Pour une fois, devant je reste à cours de mots. Parce que le vécu de cet homme et des 800 000 Tutsis massacrés lors du génocide Rwandais me laissent sans voix. James Nachtwey n’a jamais porté aussi haut sa vocation terrible «  Chaque minute je songe à la fuite. Je ne veux pas voir cela. Que vais-je faire : m’enfuir  ou assumer ma responsabilité de photographier tout ce qui se passe ici ? »…jamais je n’ai autant saisi le terrible sacerdoce du photojournaliste.

Terrible ce gros plan. Brut. Noir et blanc : c’est le climat sans far de Nachtwey…pas d’anecdote. Terrible, cette posture d’étouffement, d’étranglement, bouche ouverte stupéfaite, regard perdu.  Terribles ces balafres à la machette… comme les griffes d’un fauve.  Le roulement de la terreur nous emporte loin, loin, au centre de l’Afrique dans  le Pays des Mille Collines, coïncé entre le Burundi, la Tanzanie, l’Ouganda et le Congo (ancien Zaïre). Le roulement de la terreur nous interpelle…

Qu’est-ce qu’un génocide ? Est-ce l’apogée abominable d’une lutte fratricide ? La haine  de Seth pour Osiris, celle de Caïn pour Abel ? Est-ce la disparition totale de la civilisation au profit de la barbarie ? La question n’est pas aussi simpliste…la notion de  génocide a été fixée en 1948 par la Convention pour la Prévention et la Répression du Crime de Génocide ( ONU). Un génocide est une volonté, planifiée d’exterminer un groupe  pour des raisons ethniques ou religieuses. Bref la civilisation se sert de la barbarie comme  outil au service de ses intérêts les plus infâmes…Sur le plan éthique faut-il montrer les victimes, les horreurs des conflits? Est-ce du sensationnalisme? Est-ce du voyeurisme? Je déteste ces questions parce qu’elle nous renvoient à une vision du monde aseptisée, étriquée, consensuelle, démagogique. Peut-on montrer un conflit sans victimes? Ce serait malhonnête et contraire au but du photojournalisme: informer sans fard. Voir le monde dans toute son horreur ou dans ses moments de grâce soulève discussion, interrogation, haut-le-coeur…on est loin du voyeurisme. La seule question que je me suis posée c’est: faut-il montrer la victime (la conséquence) ou les montagnes de machettes ( l’outil du système d’extermination). J’ai choisi la victime, témoin direct, un des rares liens entre l’évènement et l’opinion publique.
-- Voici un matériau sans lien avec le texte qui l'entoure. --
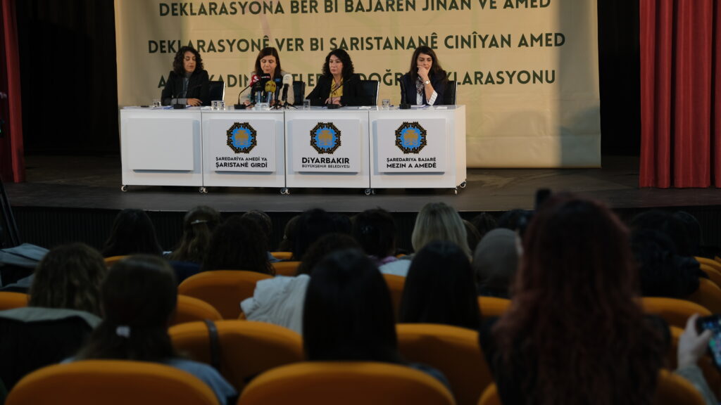 Koordînasyona Amadekariya Bajarê Jinan a Amedê Deklerasyona “Ber bi Bajarên Jinan Amedê ve” li Eywana Alî Emîrî ya Şaredariya Bajarê Mezin a Amedê bi civînekê eşkere kir. Berdevka Meclîsa Jinan a DEM Partiyê Halîde Turkoglû, Hevşaredara Bajarê Mezin a Amedê Serra Bucak, hevşaredarên navçeyan, rêveberên partiyên siyasî, nûnerên rêxistin û komeleyên jinan, xebatkarên jin ê şaredariyê û gelek jin tev li bernameyê bûn. Bername bi axaftina Hevşaredar Serra Bucak dest pê kir.
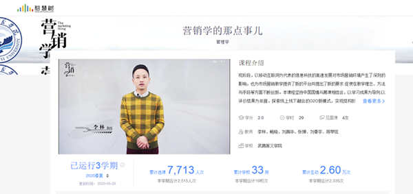 日前,记者从教务处获悉,截至本学期末,艺术设计学院宋华教授课程组的线上课程《广告的力量》已在智慧树平台累计运行5学期,被80余所高校选用,网络互动超过2.26万次,经济管理学院李林教授课程组的线上课程《营销学的那点事儿》在智慧树平台累计运行3学期,已被30余所高校选用,网络互动超过2.6万次。凭借优质的课程资源和优异的网络数据,这两门课程均已斩获多项省级奖项。这标志着学校线上课程建设取得阶段性成果。
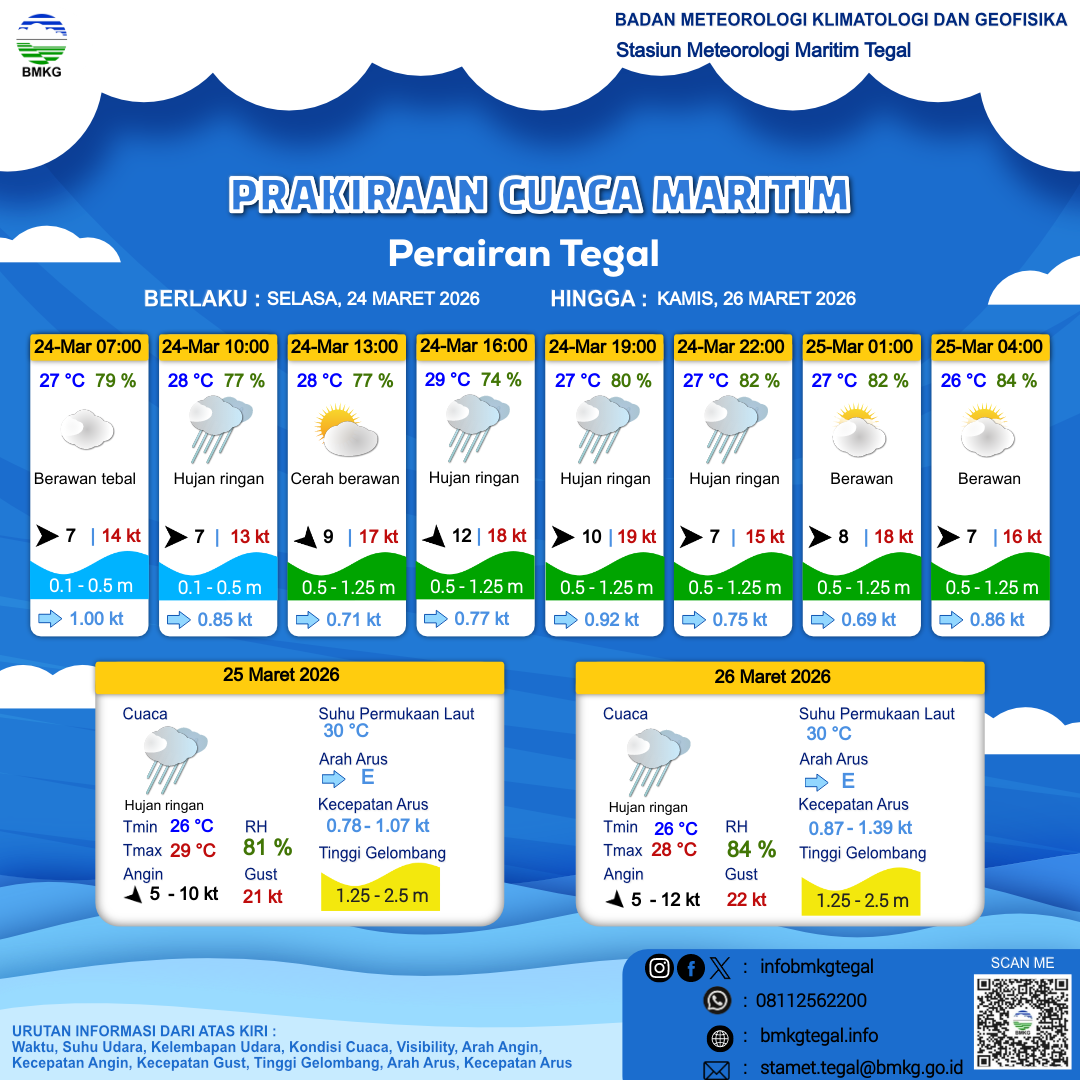 24 Mar 26, 12.00 9 jam kedepan | Barat 10 kt Gust Peningkatan kecepatan angin yang singkat dan tiba-tiba : 19 kt | 1.2 m Rendah | Timur 0.9 Knots | 27 °C | 80 % | |

A cours de mots, je fais appel aux citations d’un livre qui ne peut qu’éveiller et bouleverser le citoyen attentif  : L’inavouable de Patrick de Saint Exupéry  (toutes les citations sont tirées des pages de son livre). Qui peut dire?  Qui d’autre que le témoin ? Nachtwey et Saint-Exupéry comme d’autres, ont vu, peuvent montrer, dire… l’inimaginable …

« Ce génocide qui avait nié notre nature, nous avait dépossédé de notre humanité et nous avait brisé. Nous avions vu, et c’était comme une maladie qui nous excluait du monde, nous enfermait dans un ailleurs, nous minait. Il fallait reconstruire. C’était la seule voie, la seule issue.(…) pièce par pièce les morceaux du puzzle trouvaient leur place. Esquissant les contours d’un grand mensonge » (p163)
Témoigner, dire, échanger, sans mentir, sans se mentir.
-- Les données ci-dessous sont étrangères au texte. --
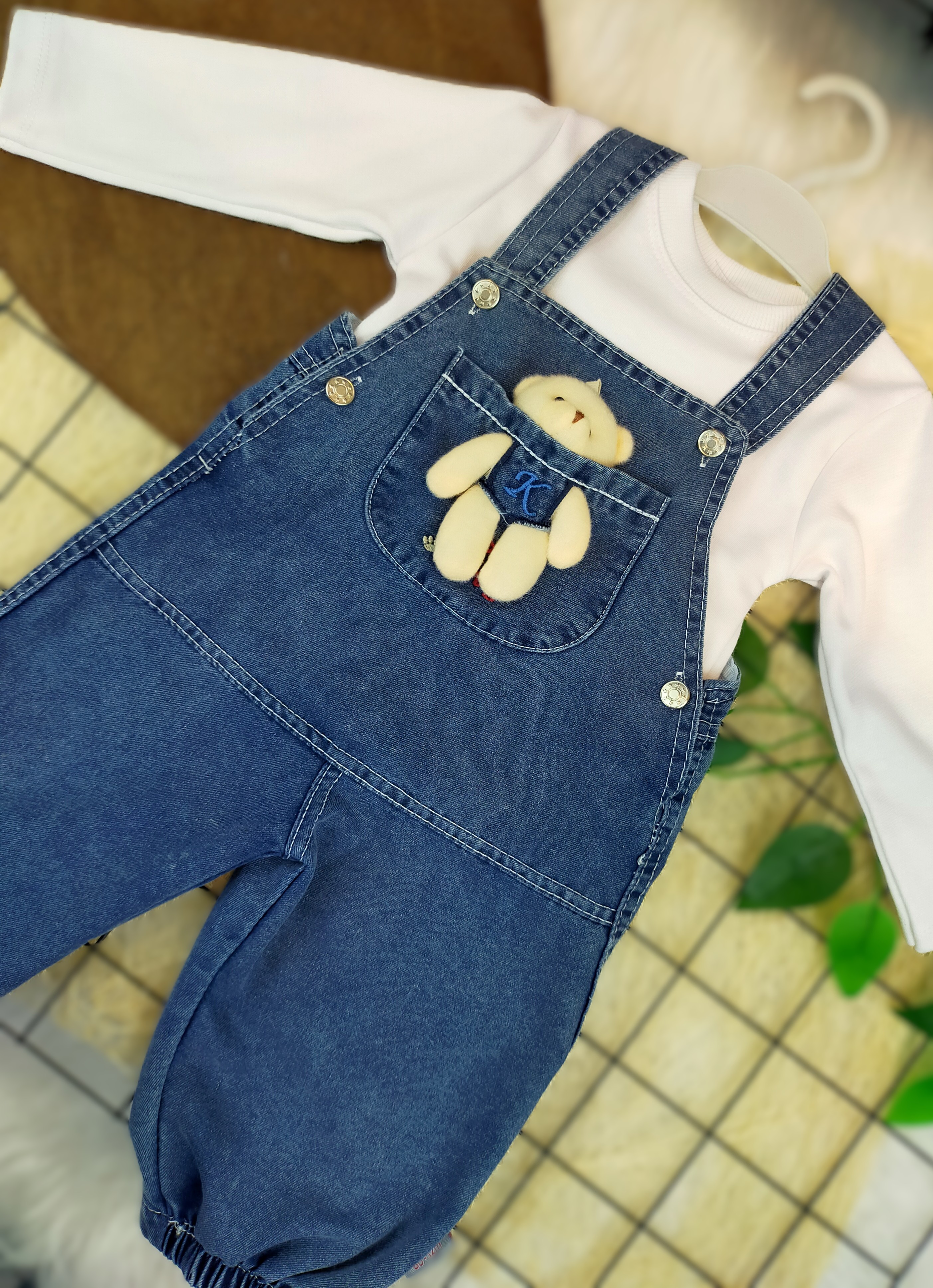 Miniklerin şıklığını ve rahatlığını bir araya getiren Ayıcık Detaylı Kot Salopet, 6 ay - 1 yaş arası bebekler için özel olarak tasarlanmıştır. Bu sevimli salopet, hem günlük kullanımda hem de özel günlerde bebeğinizin tarzını ön plana çıkaracak bir parça.

Le génocide se déchaîne entre le 6 avril 1994 et le 4 juillet 1994. Le 6 avril, c’est l’assassinat du président rwandais Juvénal Habyarimana, son avion est la cible de tirs et s’écrase. Le 4 juillet 1994, est la date de la prise de la capitale Kigali par le Front Patriotique Rwandais. En effet, le génocide s’inscrit  dans un contexte plus large de guerre civile (débutée en 1990) opposant le gouvernement rwandais Hutu au FPR (accusé d’être essentiellement Tutsi). L’attentat du 6 avril 1994 est imputé au FPR. Prétexte idéal, tombant à point nommé pour désigner les Tutsis comme responsables et justifier leur assassinat total. Le génocide débute.  Tout est réuni pour lancer l’enfer au Pays des Mille Collines. Une Saint-Barthélémy à l’échelle du pays dont l’Akazu (le cercle intime du président assassiné) et Agathe Hababyarimana, la veuve du président, seraient les funestes marionnettistes . Une idéologie : le  Hutu Power qui voudrait un pouvoir exclusif aux Hutu dans un Rwanda purifié des Tutsis.  Des bras armés : les milices Interahamwe et Impuzamugambi.  Et une une radio de propagande: la Radio des Mille Collines qui embrigade une majorité des Hutus au service de l’œuvre de mort.
Nachtwey avait intitulé un de ses livres « l’Enfer »…il ouvrait sur un passage  de Dante. « Laissez ici l’espérance, vous qui entrez (….) Là, des soupirs, des plaintes et d’autres cris d’angoisse résonnaient parmi un air sans étoiles, si bien que je commençai à pleurer.  Des langues diverses, d’horribles jargons, des paroles de douleur, des accents de colère, des voix hautes et sourdes, et avec elles, des bruits de mains, faisaient un grand tumulte qui, éternellement, retentira dans cet air obscur et sans temps, pareil au bruit du sable lorsque souffle le tourbillon. »

L’enfer a duré 100 jours au Rwanda. 800 000 Tutsis ont été assassinés.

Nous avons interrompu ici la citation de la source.